Generally it seems that the majority of people using the Wall Street station use it all of the time, that and the people who don’t either continue walking or using other transportation despite most weather.
The last thing to consider is the different mapreduce options. First of all the whole dataset isn’t truly that large, at 60MB it certainly bogged down my computer and ran into system timeouts, but removing those limits and putting in a few more Gigs of RAM to deal with copies easily would go a long way to solve these problems, not really in the realm of true need of MapReduce.
To get into this realm we might look at something that could be a bit more complicated. Real time tracking of entrances and exits on the subway system to get a much finer grain picture of the entire system would certainly get close to qualifying, especially if you wanted to more than just swim in the data.
Another future application of real time systems maybe routing traffic with a pay-or-get-paid system for taking city-wide data and destinations and crunching it down to route traffic.
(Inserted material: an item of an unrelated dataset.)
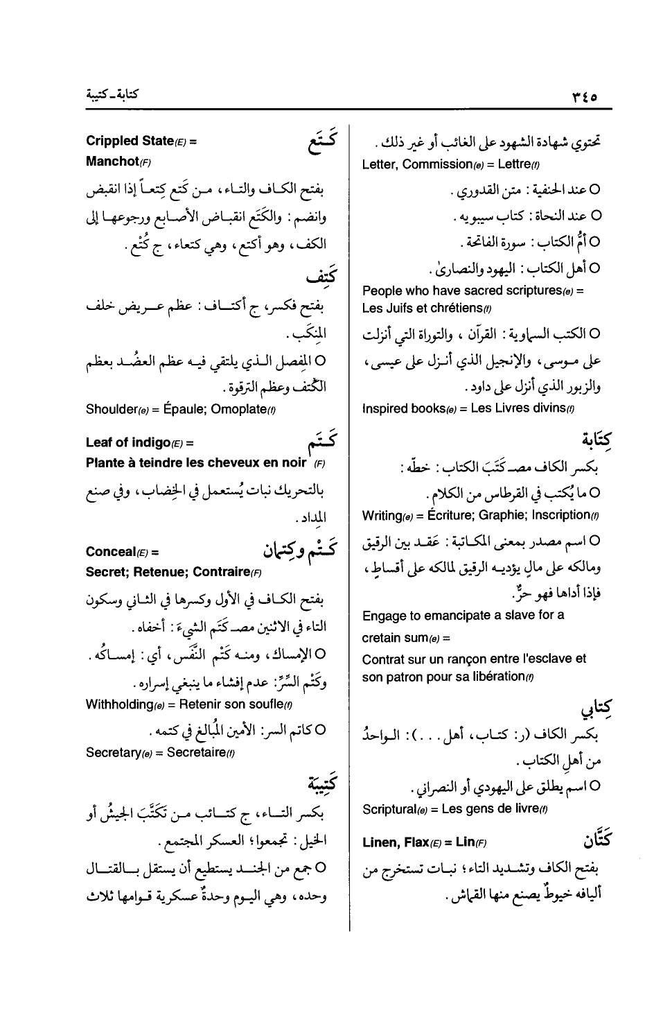 الفريضة: مص فرض وافترض ج فرائض (ر: فرض) ... Religious duty * ما أوجبه الله تعالى على عباده ... Divine commandment * ما فرض في السائمة من الزكاة ... Tithe from cattle الفزع: بالتحريك مص فزع، الخوف والذعر ... Alarm , fright الفساد: بفتح الفاء مص فسد وفسد، التلف والعطب ... Deterioration , decay / / - الجدب والقحط، ومنه * (ظهر الفساد في البر والبحر) * ... Mischief * الفساد عند الحنفية يختلف في العبادات عنه في المعاملات: ففي العبادات، كل فاسد هو باطل.

If a person needs to be somewhere quickly they can pay a fee to take a faster route while those taking slower routes would get paid to wait. With the advent of self-driving cars this might not be as onerous as one might think as the people stuck in the slow traffic could possibly work, that or their company can pay for them to use the faster routes to be in more quickly.
But dealing with hundreds of thousands of inputs every minute would definitely need a system that could split up the tasks between servers or possibly server farms. Being able to predict problems or heavy loads becomes a necessary issue.
Most of these traffic issues, whether subway or cars, can be predicted most easily using times and events, the only time that weather is truly going to affect traffic patterns will be in extreme or catastrophic situations. If you are pinning your hopes on getting a seat on the subway because of weather patterns then you might get a seat just before the subway shuts down during a snow day.